Cipla chief Hamied calls for mechanism to make essential drugs affordable
05 May 2014
Cipla chairman Yusuf Hamied has called for a pricing mechanism to make essential and life-saving medicines affordable to the common man in India and other developing countries and ridding the pharma industry of drug monopolies.
Hamied, who has long battled global pharmaceutical majors to ensure that poor have access to life-saving drugs, said a price control mechanism is required in India for essential medicines sold under a monopoly.
The call comes amidst US firms' allegations of patent norm violations against Indian pharma companies. Hamid said while drug makers should get their due for new drug discoveries, life-saving medicines should not be subjected to monopolistic pricing.
"As a scientist I believe that an inventor or innovator of a new drug should be suitably rewarded, no doubt about that. But then, if the drug is essential it should not be sold under monopoly," the Cipla chairman said.

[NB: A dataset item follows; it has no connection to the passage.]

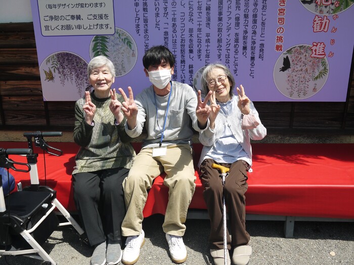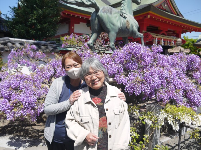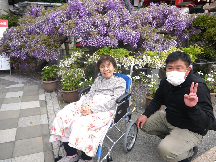 「お天気も良いし、藤の花もたくさん咲いていて、最高ですね」「藤の花の香りも本当に良いですね」
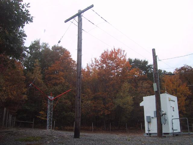 Charmingly named 'BARTY', 'AV' (probably short for 'Avoca', a nearby town) is an outer-marker for the Scranton / Wilkes-Barre airport. Tucked away off a windy, hilly road (west side of the road about a mile south on Westminster Rd. from Rt.315 near Laflin), it is unsurprising it doesn't get out particularly well; it's surrounded by tall trees in a tiny clearing, and the phone-pole supported 'T' antenna is quite low at 20' or so.

Hamied, who was speaking at the special screening of documentary Fire in the Blood, said the right to live should not be dependent on the ability to pay.
"The right to live should not be contingent on the ability to pay. Lives cannot be sacrificed at the altar of corporate profit and greed," Hamied said.
"It is important to ensure that essential life saving and vital drugs are available at affordable prices not only in developing countries but worldwide," he added.
Fire in the Blood, which was screened by the ministry of external affairs, depicts mass devastation in poor countries in Africa, Asia and other parts of the world due to obstruction of low cost anti-retroviral drugs used for the treatment of HIV / AIDS.
Hamied also offered to transfer technology to produce drugs to other the developing countries in order to make essential dugs affordable in those countries as well.
On the other hand, the US pharma lobbies are pressuring their government to take action against India as the Indian IPR laws allegedly discriminate against American companies (See: US trade panel launches probe against India).
"I do believe that countries should take up this offer from India to provide technology to the developing world. The multinational companies are however are not interested in this type of transfer of technology to the developing world and therefore I strongly believe that countries should look at India to provide both technology and raw materials that go into the manufacturing of healthcare products," Hamied said.
They also raised concerns regarding issues like compulsory licensing of patented drugs to local companies as in the case of Swiss pharma major Novartis AG losing patent for its blood cancer drug Glivec in India (Novartis loses patent battle in SC over cancer drug Glivet).
Hamied cited Cipla's campaign to fight HIV/AIDS way back in 2000 that has helped to save over 10 million lives in Africa alone.
"The AIDS initiative that Cipla pioneered has approximately saved almost 10 million lives in Africa alone. Today India produces 92 per cent of all the AIDS drugs formulations worldwide, selling them at a price of around $1 billion. The balance 8 per cent made by the MNCs is sold in the developed world for a price of over $16 billion."
He said profitability or monetary gain alone should not be the sole criteria of success of any company or an industry, rather its capacity and capability to contribute to the moral and social wellbeing of society are more important, he added.